Pretty ladies pen ! U can't go wrong when they choose the blank !!!

Reactions: Thank You! 1 | Agree 2


----------



## Sprung (Aug 30, 2015)

TimR said:


> Probably get some orders from her friends!



I'm hoping so!


----------



## Jerry B (Aug 30, 2015)

as a ladies pen, it's definitely cool 
have been looking at Roy's blanks, was wondering about the origami , might have to order some myself
either that or Toni Ransfield's polymer clay blanks

Reactions: Thank You! 1


----------



## Sprung (Aug 30, 2015)

Jerry B said:


> as a ladies pen, it's definitely cool
> have been looking at Roy's blanks, was wondering about the origami , might have to order some myself
> either that or Toni Ransfield's polymer clay blanks



Yes, as a ladies pen, it's awesome. I definitely wouldn't have one of these in my pocket, but I do really like how this one turned out and whenever I can afford it, I'll be buying some more from Roy. The only downside is that Marla, who makes these blanks, is in the middle of a move with her husband and there won't be any more blanks from her until they get their new house and shop built.

As I'm sure you know, these are cast in PR. They turn like butter and polish up so nicely. As far as the seems in the paper where it overlaps, Marla doesn't cut it straight - she cuts out around flowers and overlaps. On the above pen it's really hard to tell where the seam is without looking at it real closely.

I was just exchanging a few messages with Toni on Facebook earlier. She definitely makes outstanding blanks and someday I hope to be able to afford to buy one or two of them.


----------



## Karl_99 (Aug 30, 2015)

Jerry B said:


> as a ladies pen, it's definitely cool
> have been looking at Roy's blanks, was wondering about the origami , might have to order some myself
> either that or Toni Ransfield's polymer clay blanks



Jerry: After seeing your pens, I would recommend the polymer clay banks from Toni, They are incredibly beautiful. I offer both the Chyugami pens on a Sierra and several styles of Toni's blanks. Just my 2 cents...

Reactions: Agree 1


----------



## Karl_99 (Aug 30, 2015)

Matt: Nice job with that pen. I like the hardware pairing. There is an artist offering Chiyugami blanks at Exotic Blanks.com. He also has some Italian marbled paper blanks that are cool.

Reactions: Thank You! 1


----------



## Jerry B (Aug 30, 2015)

Sprung said:


> As far as the seems in the paper where it overlaps, Marla doesn't cut it straight - she cuts out around flowers and overlaps.

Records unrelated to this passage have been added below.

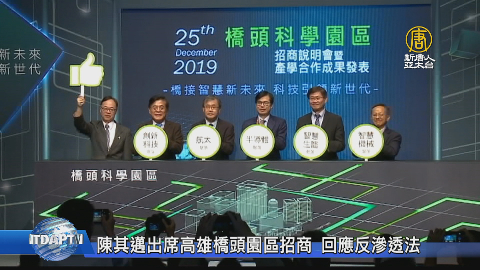 【新唐人亞太台 2019 年 12 月 25 日訊】科技部南科管理局今(25)日舉辦「橋頭科學園區招商說明會?產學合作成果發表會」,共吸引上百家廠商,超過200人參加,行政院副院長陳其邁到場宣示政府持續拼經濟的決心,受訪時回應韓市長對市民道歉和反滲透法等提問。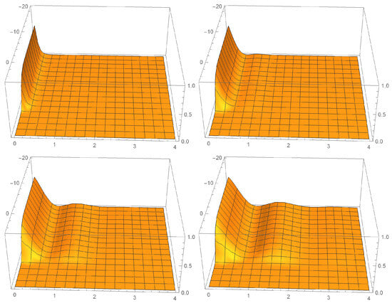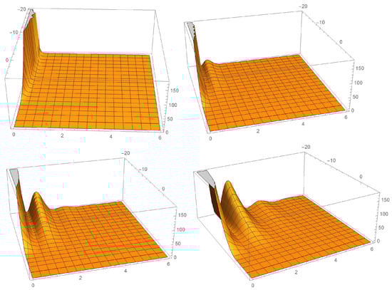 In the following plots, we show the behavior of the probability density of Equation (62), considering the sign in , taking the values , and , respectively.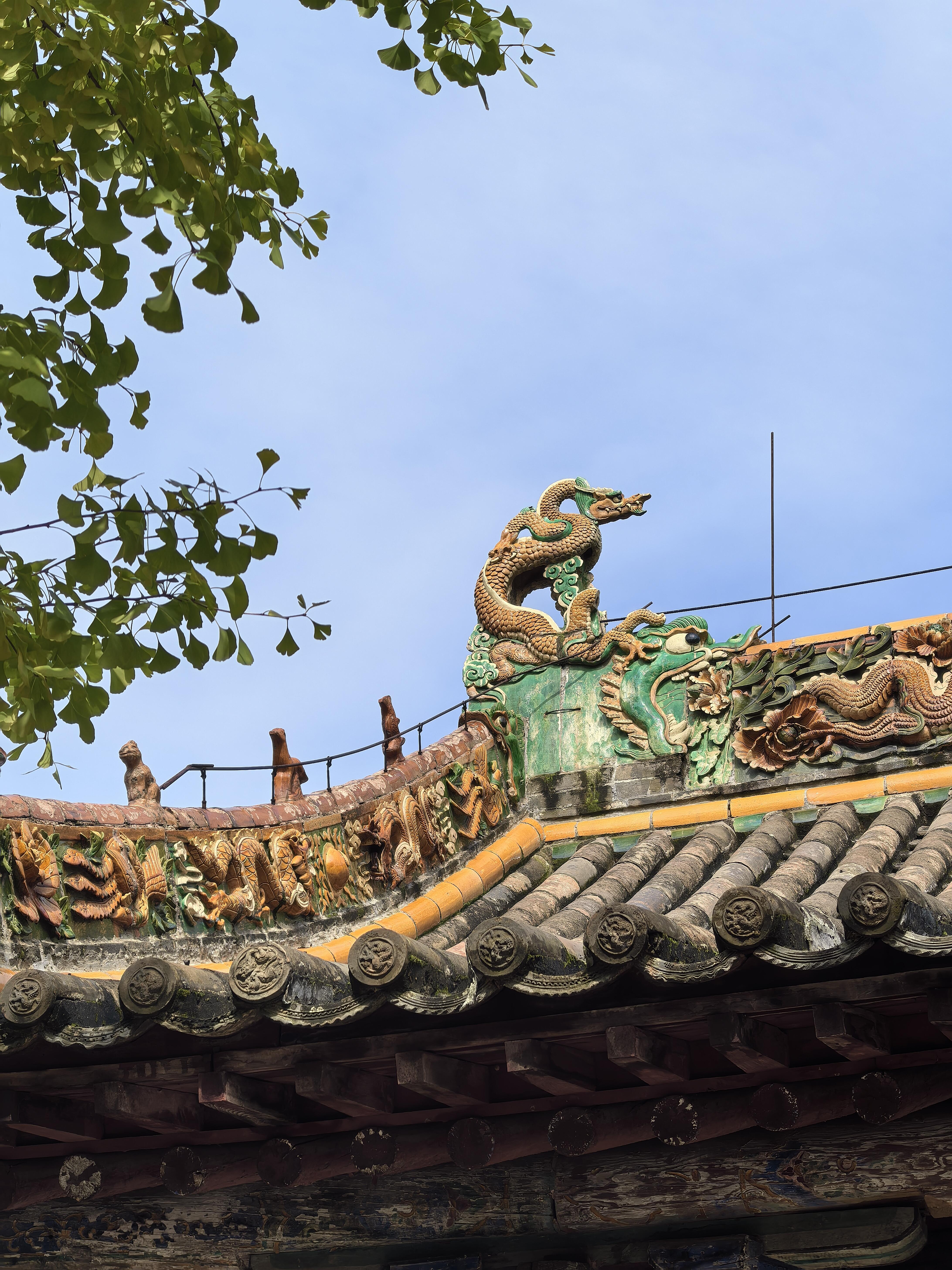 雷音殿是定林寺的核心建筑,元代的木构框架依旧完好,殿顶的琉璃构件却是金代的遗物。这不禁让人猜想,这座大殿是否在金代便已初具规模,元代又进行了重修?琉璃构件的色彩依旧鲜艳,黄、绿、蓝三色交织,在阳光下泛着柔和的光泽。脊兽的造型生动逼真,仿佛下一秒就要腾空而起。殿内的斗拱比山门的更为厚重,层层叠叠,如云朵簇拥,展现出元代木构的雄浑大气。站在殿内,抬头可见梁架上的彩绘,虽已模糊,却依旧能辨认出当年的色彩,那些简单的线条、朴素的色彩,却比任何繁复的装饰都更能打动人心。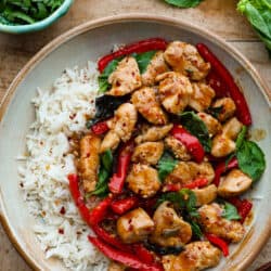 Thai Basil Chicken is a quick and easy chicken dinner that is bursting with fresh flavors. Bell peppers, fresh basil, and a unique blend of sauces make this chicken so crave-able!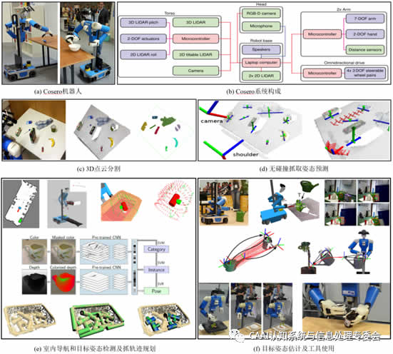 Cosero[1]是德國波恩大學的Sven Behnke團隊根據家庭環境中的日常操作任務而研製的一款仿人操作機器人(如圖1(a)(b))。機器人底部配備了四輪獨立轉向行走機構,以便在靈活的通過狹窄通道,上部配備了兩個7自由度機械臂已完成擬人的操作,並在夾持器末端裝有紅外測距傳感器已達到對抓取目標的距離探測,在D端安裝有Kinect相機,以實現對目標環境的3D感知。Cosero通過底盤的激光雷達進行導航和定位,采用法線估計和場景分割相結合的方法對目標進行3D點雲分割,采用無碰撞抓取方法[1]對目標物體進行抓取(如圖1(c)(d))。在論文[2]中,作者運用Cosero進行零件分揀搬運實驗,通過2D激光雷達導航到作業點,通過RGB-D相機對目標進行識別分割,規劃抓取路徑和抓取姿態估計(如圖1(e))。在論文[3]中,作者采用深度學習方法對目標進行姿態估計,並完成了提壺灌溉,人機交互和使用工具等複雜任務(如圖1(f))。Schwarz[4]介紹了Cosero基於深度學習方法的目標姿態估計和RGB-D SLAM等感知測量。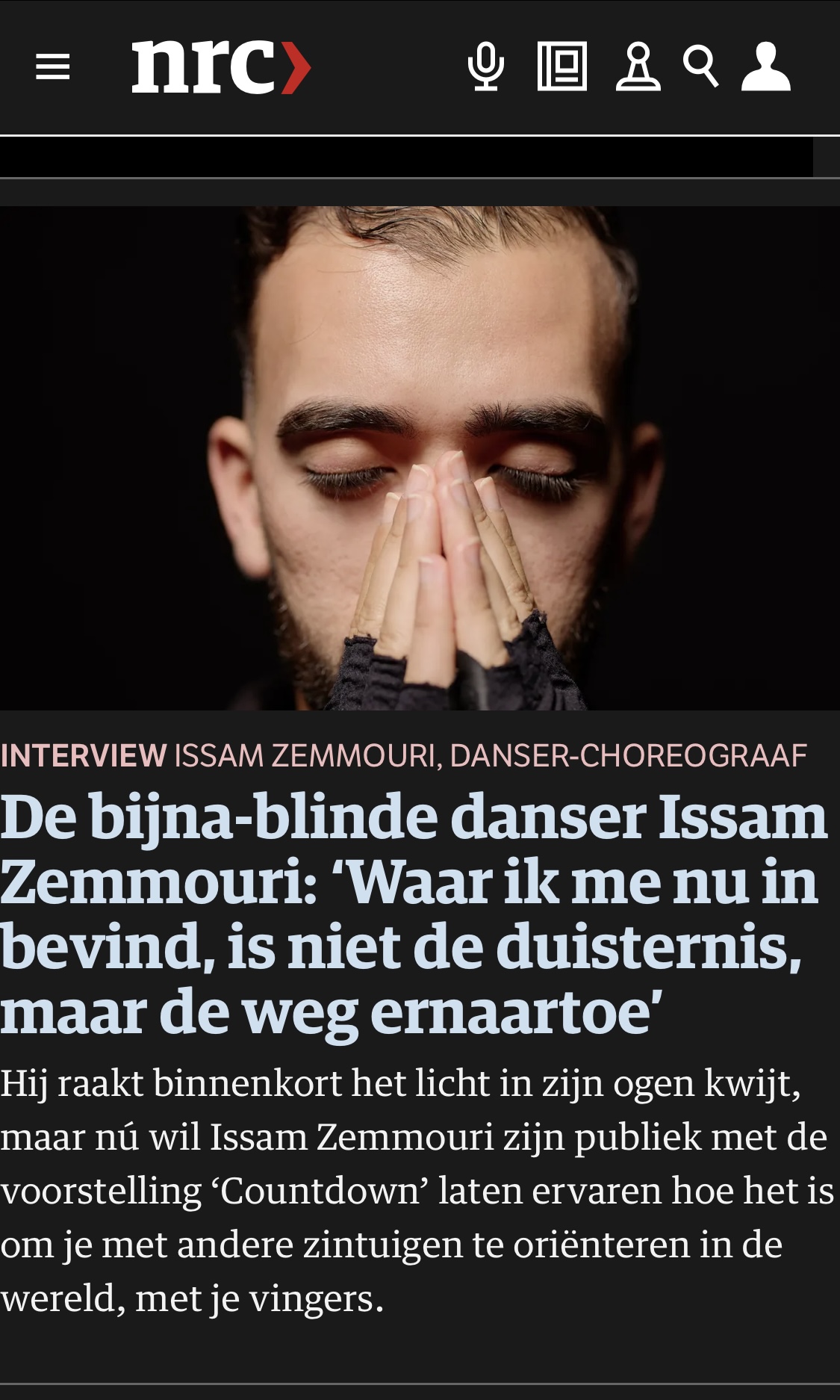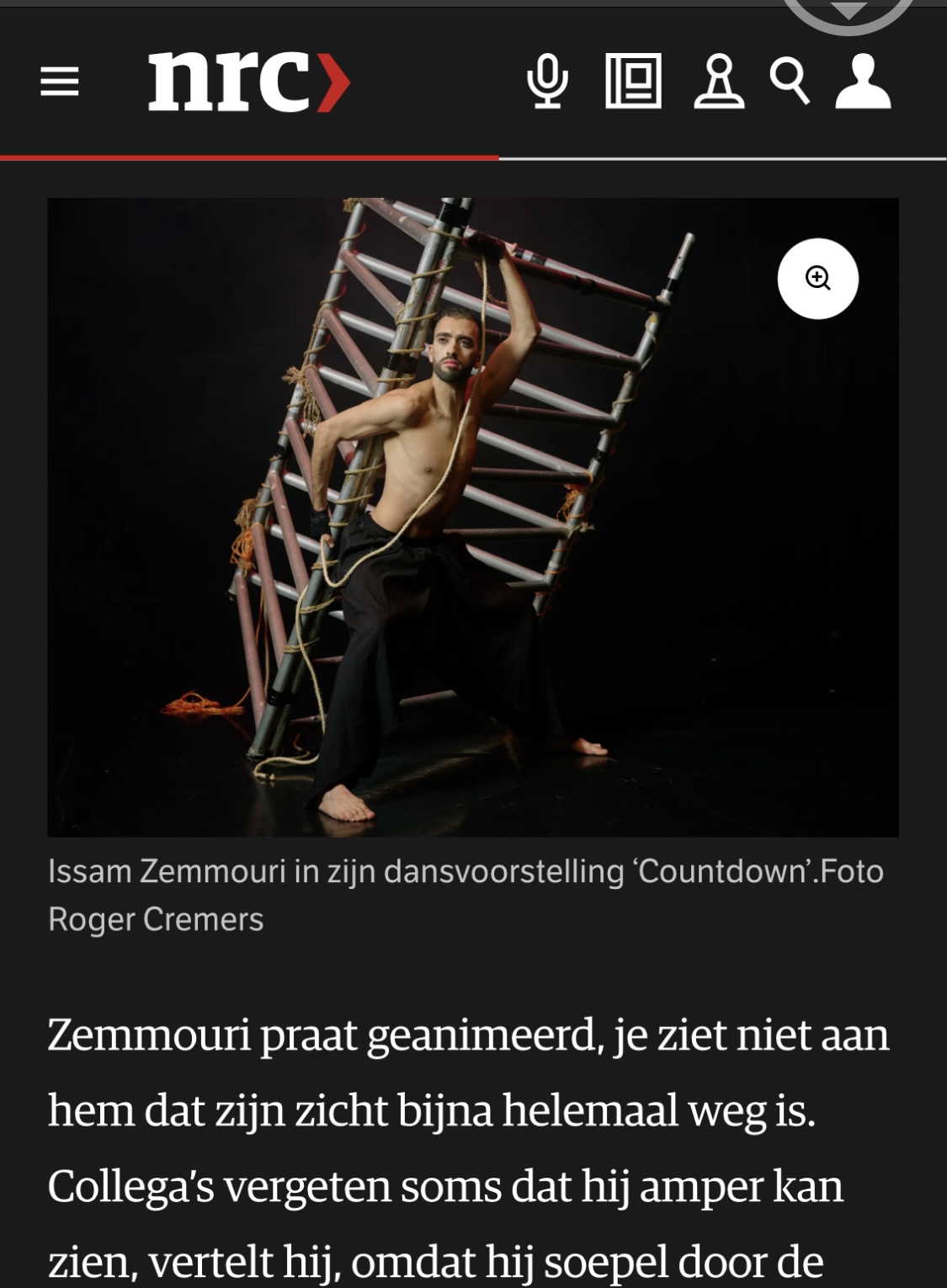 Via dans adresseert Zemmouri gevoelige onderwerpen waar woorden tekortschieten. Ondanks zijn in de loop der jaren ontwikkelde visuele beperking, zet hij alles op alles om zijn ambities waar te en is actief bij het ZID theater in amsterdam sinds 2019.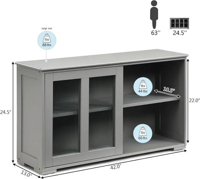 42' ' L x 13' ' W x 24.5 ' ' H for Multi UsesWith weight capacity up to 88 lbs on the top, this buffet sideboard is suitable for various rooms to meet your different needs. You can use it as a kitchen cupboard for serving ware, or a TV stand and sofa side cabinet in living room, or a bedroom organizer for placing bed linen and extra pillows, or an entry cabinet for organizing sundries.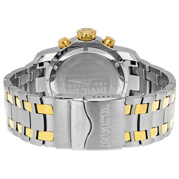 Stainless steel case with a two-tone (silver-tone and18kt gold-plated) stainless steel bracelet. Uni-directional rotating 18kt gold-plated bezel with a blue top ring. Blue dial with skeleton gold-tone sword-shaped hands and dot hour markers. Minute markers around the outer rim. Dial Type: Analog. Luminescent hands and markers. Date display at the 4 o'clock position. Chronograph - three sub-dials displaying: 60 second, 30 minute and 12 hour. Ronda caliber 5030.D quartz movement. Scratch resistant Flame Fusion crystal. Pull / push crown. Solid case back. Round case shape. Case size: 48 mm. Case thickness: 17 mm. Band width: 26 mm. Band length: 8.5 inches. Fold over clasp with a safety release. Water resistant at 200 meters / 660 feet. Functions: chronograph, date, hour, minute, second. Pro Diver Series. Casual watch style. Watch label: Swiss Movt. Invicta Pro Diver Chronograph Blue Dial Men's Watch 0077.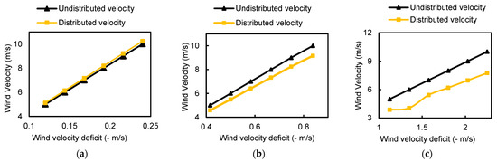 Comparison in wake effect using Gaussian wake assessment model in terms of wind velocity (distributed and undistributed) and wind velocity deficit at various distances (x): (a) At (x = 30 m); (b) At (x = 50 m); (c) At (x = 75 m).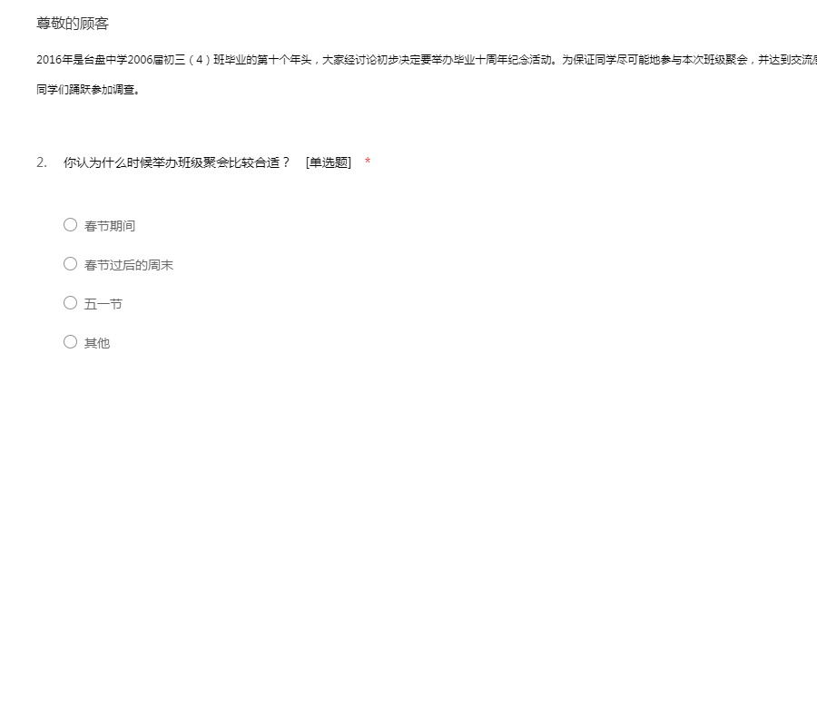 2016年是台盘中学2006届初三(4)班毕业的第十个年头,大家经讨论初步决定要举办毕业十周年纪念活动。为保证同学尽可能地参与本次班级聚会,并达到交流感情、增进友谊的效果,特制作此调查问卷,请同学们踊跃参加调查。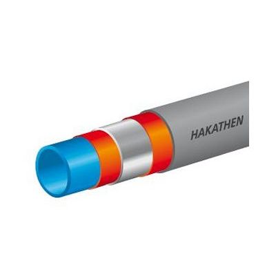 Hakathen composite plastic metal pipes with in-liner PE-RT or PE-Xc material. Basic material: Solid, medium-conducting in-liner pipe made of PE-RT or PE-Xc. Round, butt-welded, solid inner pipe as strength support. Outer pipe made of UV-resistant PE-HD oder PE-RT. Applications: The HAKATHEN pipe is a composite plastic and metal pipe for drinking water installations and withstands at a constant temperature of a 70 °C a maximum operating pressure of 10 bar over 50 years. The maximum operating temperature is 95°C (momentary 110°C).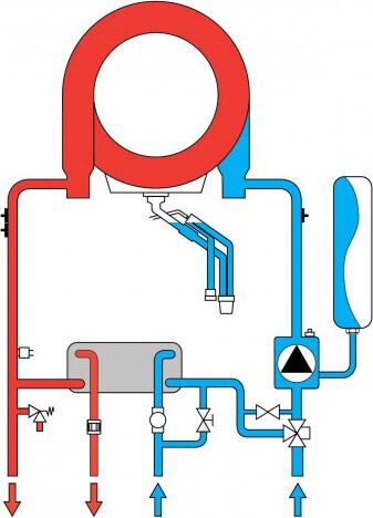 В одноконтурных моделях – встроенный трёхходовой кран с сервоприводом для возможности подключения опционного бойлера ГВС косвенного нагрева.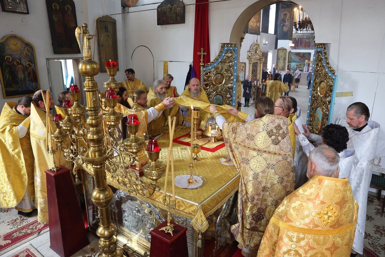 Праздничную Божественную литургию в Никольском кафедральном соборе возглавил епископ Волжский и Сернурский Феофан в сослужении духовенства Волжской епархии. Богослужебные песнопения исполнял архиерейский хор под управлением Любови Михеевой.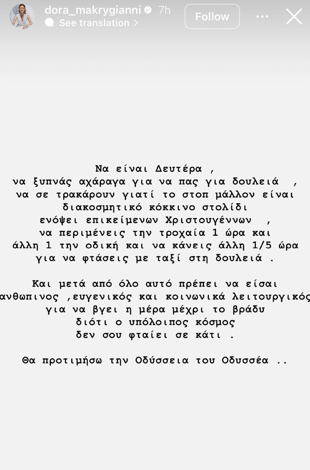 Ευτυχώς, η Ντόρα Μακρυγιάννη δεν τραυματίστηκε, ωστόσο αναγκάστηκε να περιμένει την τροχαία και την οδική βοήθεια, καθυστερώντας για ώρες.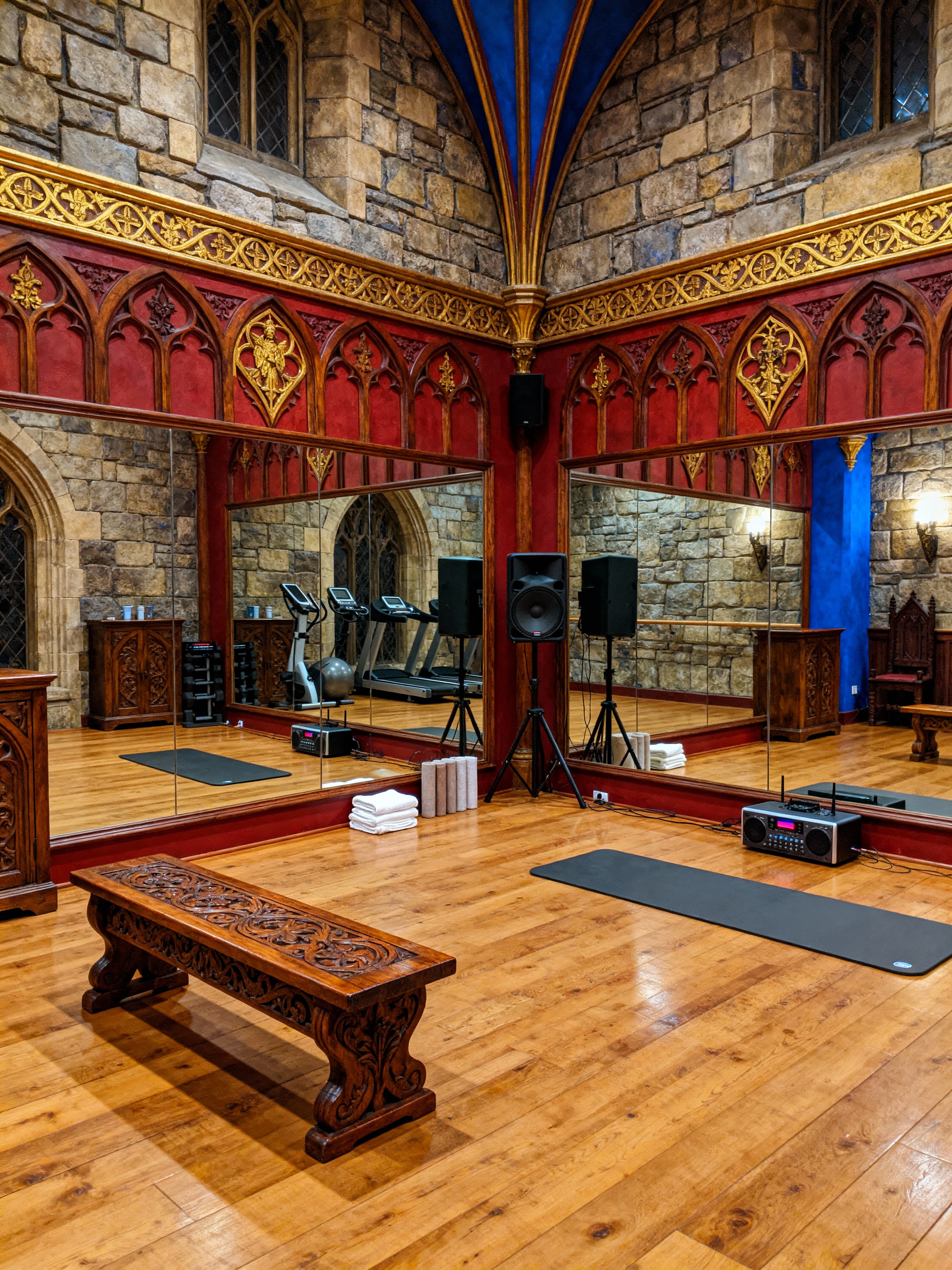 dance studio with medieval style with wooden floor and mirrors and exercise equipment and speaker and towels and sound system and dance mats and music player. . with castle interior and castle interior and gothic appearance and heavy furniture pieces and stone walls and intricate wooden inlay designs and carvings and carved wooden benches and deep colors like red, gold, or blue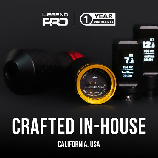 Liner: Specifically engineered as the hardest hitting machine we have and professionally-tailored to those looking for an extreme amount of torque and precision. The Legend Pro Liner is designed with a 5.0mm stroke and is crafted for single passes on bold, solid lines, using any needle sizes above 7RL. The Liner is also great for specific tattoo styles, including: Traditional, Neo-Traditional, Ornamental, and Tribal.
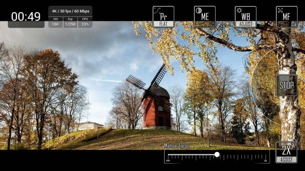 This is one of the few professional video capture applications that is distributed for free. The feature set is significant. It includes automatic and manual control of settings during the shooting process, selection of shooting formats, color control in the frame. GPS video tagging and auto-compression for reducing the size of the final file are available.
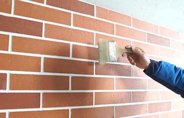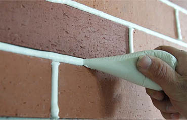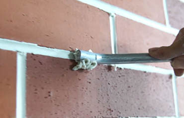 5、等勾缝剂半干后,用弯曲的钢筋头拉出凹缝(钢筋头比缝宽2mm)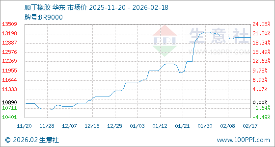 2月18日,生意社顺丁橡胶基准价为13070.00元/吨,与本月初(13250.00元/吨)相比,下降了1.36%。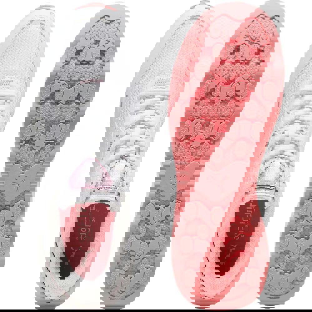 Puma Runtamed GirlPower platform trainers in white with a low-cut profile and plain finish. The upper combines synthetic and textile materials, paired with a soft textile lining and a foam insole. A mesh sock liner and topstitched detailing complete the construction.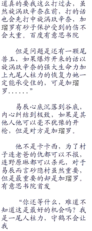 “难道真的要我这么打过去,虽然旋涡玖辛奈在前,打的话也会先打中旋涡玖辛奈,加瑠罗有砂子保护受到的伤不会太重。

I was gonna ask you about that, sounds like with the way she cuts them, they're pretty much concealed, is good to know ;-)
I knew Marla was moving but thought she had a bunch pre-made for while they were in transit .....
Seems like everyone who's doing anything worthwhile on Facebook is moving these last couple months ..... Patterson Grant, Mik Lawrence, Toni, and now Marla ...... 
it's a wonder their groupies/followers aren't freaking out with the lack of stock 



Karl_99 said:


> After seeing your pens, I would recommend the polymer clay banks from Toni, They are incredibly beautiful.


I've been talking with her for at least 6-8 months trying to get her to make for a wider variety of kits/styles, which she's finally doing .......
Now I gotta talk her into doing barrels for some of Jon David's kits, since she's gonna be selling there, she just might now 
I've admired her work for a long time, she's the best I've seen with the polymer clay on pens


----------



## Sprung (Aug 30, 2015)

Jerry B said:


> it's a wonder their groupies/followers aren't freaking out with the lack of stock





Jerry B said:


> I've admired her work for a long time, she's the best I've seen with the polymer clay on pens



Agreed on both! I think there will be a lot of relief - and empty wallets - when some of these blank makers settle down and get some stock built back up. There are definitely some great artists out there. If only I was averaging more than one or two pen sales a month, I could maybe go after some of those blanks!


----------



## Karl_99 (Aug 30, 2015)

Her work is awesome. I order "custom" blanks from her. Won't her Jr Gent Ii series fit most from Jon Paul?

We now return you to the regularly scheduled thread. Sorry Matt


----------



## Sprung (Aug 30, 2015)

Karl_99 said:


> Matt: Nice job with that pen. I like the hardware pairing. There is an artist offering Chiyugami blanks at Exotic Blanks.com. He also has some Italian marbled paper blanks that are cool.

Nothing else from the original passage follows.